Inspired by the high activity of Fe6Ge5/NF, we performed further electrocatalytic investigations. Electrochemical impedance spectroscopy (EIS) at η = 270 mV of the iron-based materials revealed that Fe6Ge5 has the lowest charge-transfer resistance (Rct, Fig. 2c) consistent with the activity trend from the LSVs. Steady state Tafel data (Fig. 2d) disclose a wide kinetically controlled region (from 0.1 to 100 mA cm−2) with a slope of merely 32 mV dec−1 indicating excellent OER kinetics and mass transport properties of the system (see Fig. S11b for Tafel slopes of the Fe reference materials, ESI). A chronoamperometry (CA) measurement at η = 280 mV yields initially 100 mA cm−2 (Fig. 2e). However, in the first 20 h, i decreases by 25% to 75 mA cm−2. Nevertheless, after this initial deactivation, i remains stable. By cycling in a potential region without a faradaic process (Fig. S13, ESI), we determined the double layer capacitance (Cdl) before and after the OER reaction (Fig. 2f). This comparison uncovers that the Cdl increases by four times during the OER process. Such a strong change indicates that at least the surface of the material is transformed.

To understand the structural transformation of Fe6Ge5, we performed several analytical methods after 1 h at 10 mA cm−2 (Fig. S14, ESI). The pXRD pattern (Fig. S15, ESI) contains the characteristic reflections of the Fe6Ge5 phase and no new, additional peaks indicating that the Fe6Ge5 phase is still intact and that the newly formed phase is non-crystalline. SEM images show that the morphology of the particles did barely change (Fig. S16, ESI). SEM/EDX mapping reveals a homogeneous distribution of Fe and Ge; however, the relative Ge content is 15% lower than in the pristine material (Fig. S16 and S17, ESI).

TEM images show a porous material on the surface of the particles (Fig. 3a and b). And a SAED taken from such a surface region contains only two diffuse diffraction rings consistent with randomly distributed short-range ordered iron oxyhydroxide phases such as 2 line ferrihydrite and layered phases with edge sharing [MO6] octahedra (Fig. 3c).6,18 EDX data of the same area discloses a substantial incorporation of K and a Fe to O ratio of 1 to 2 while almost no Ge was left (Fig. 3c and Fig. S18 top, ESI). A TEM SAED taken from the centre of the same particle contains reflections that can be assigned to a highly crystalline Fe6Ge5 phase (Fig. 3d). Furthermore, EDX reveals an only 15% decreased Ge content and a slight inclusion of K and O (Fig. 3d and Fig. S18, ESI, bottom).

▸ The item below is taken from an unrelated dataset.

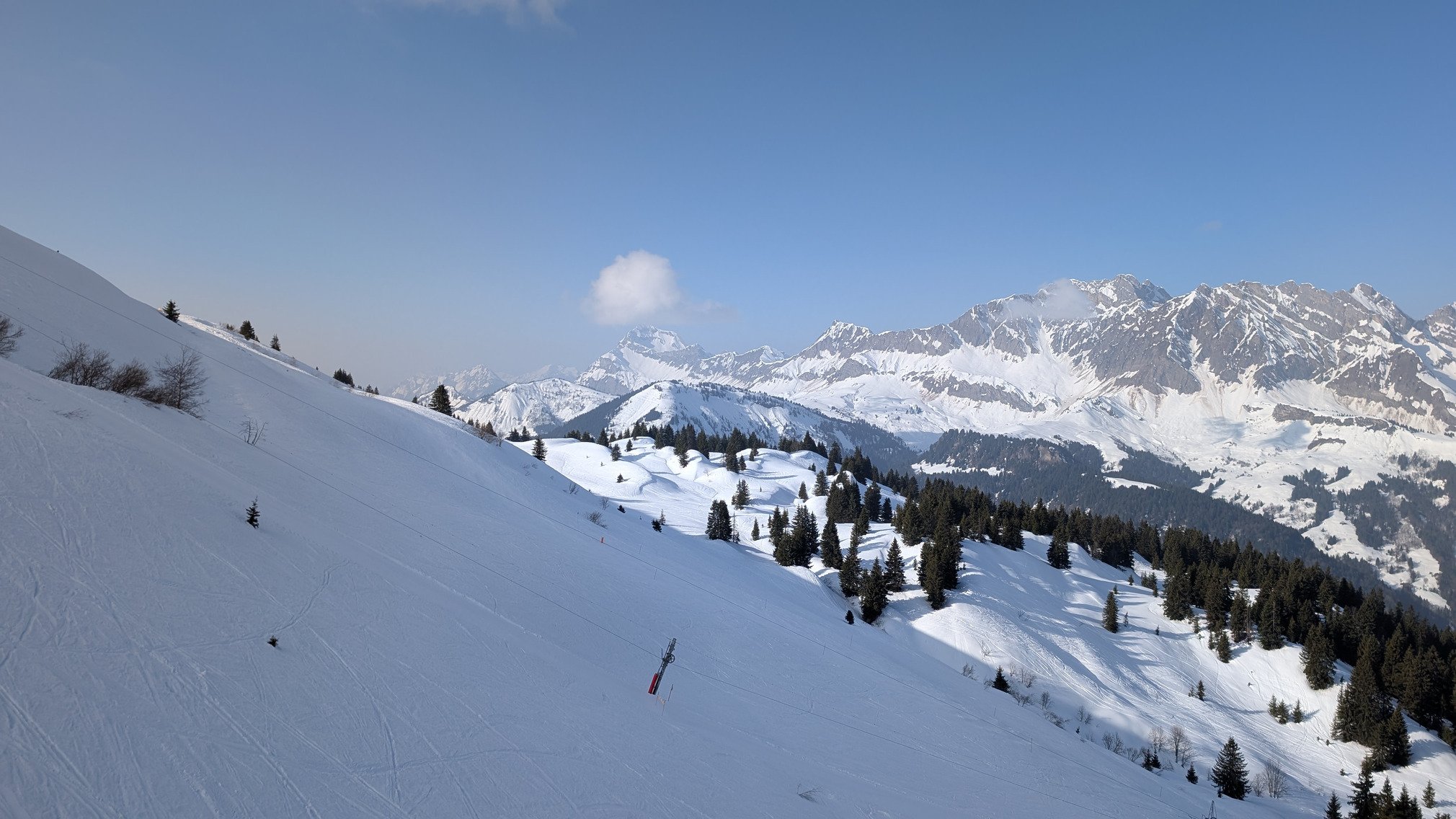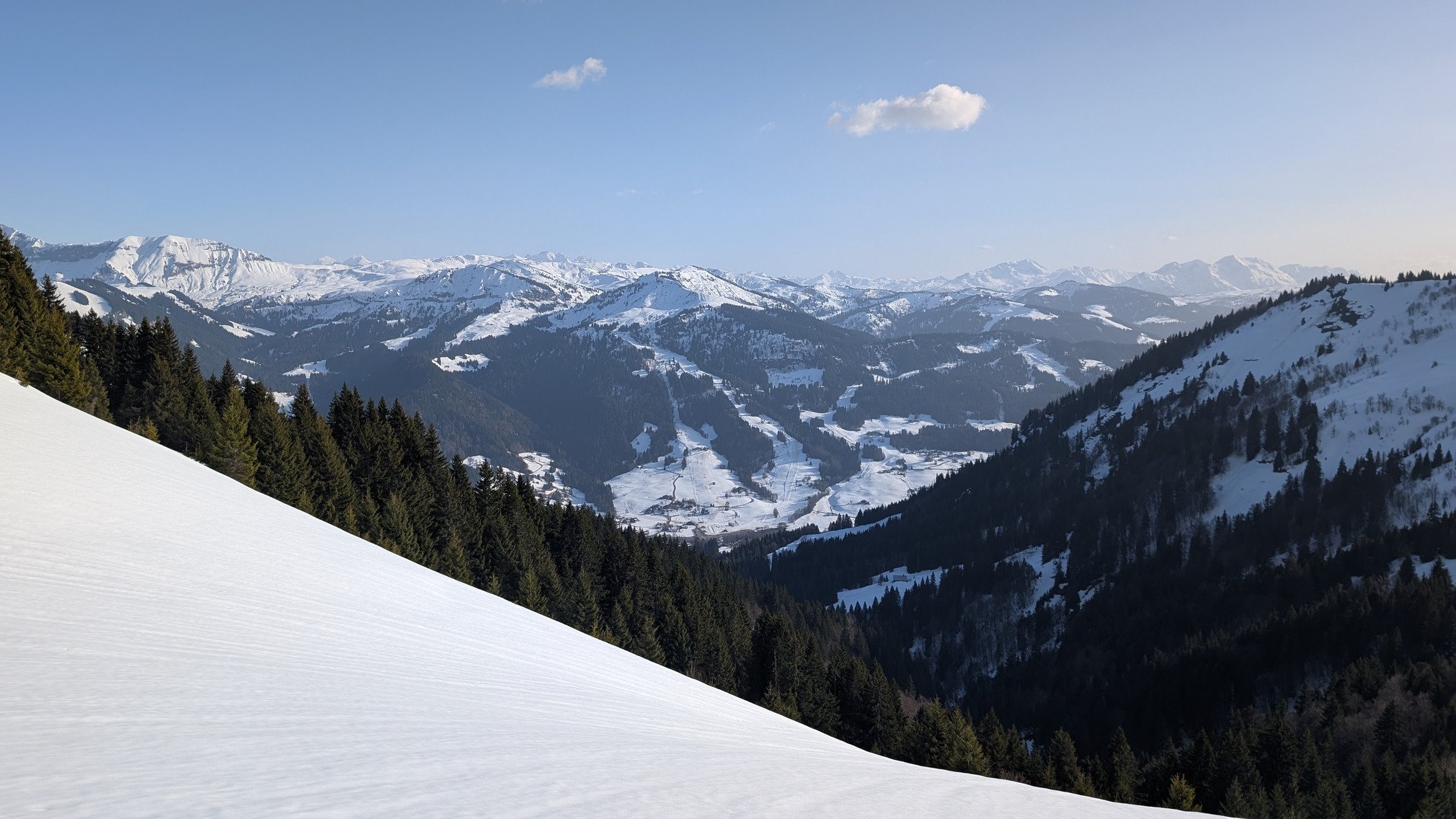 Il fesait beau et chaud. Les pistes côté sud et est comme Combloux et Megève était effectivement de la soupe, mais les pistes côté nord ou à l'ombre comme La Giettaz ou le ts Jouty reste bonne toute la journée.

image file: d0cc08035g-f3.tif
Fig. 3 TEM and XPS characterisation of Fe6Ge5 after 1 h at 10 mA cm−2. (a) TEM image of a Fe6Ge5 particle. At point 1 and 2, EDX and SAED data were collected. (b) High resolution TEM image. (c) SAED pattern and elemental ratio from EDX taken at point 1 in image a. (d) SAED pattern and elemental ratio from EDX taken at point 2 in image a. The large white circle corresponds to a lattice distance of 2.10 Å (fitting to the lattice plan with the miller index 023 of Fe6Ge5), the small triangle to a distance of 1.93 Å (040), the small square to a distance of 1.60 Å (−603 or −531 or −424), and the small circle to a distance of 1.54 Å (−441). (e–g) Fe 2p, Ge 3d and O 1s XPS spectra.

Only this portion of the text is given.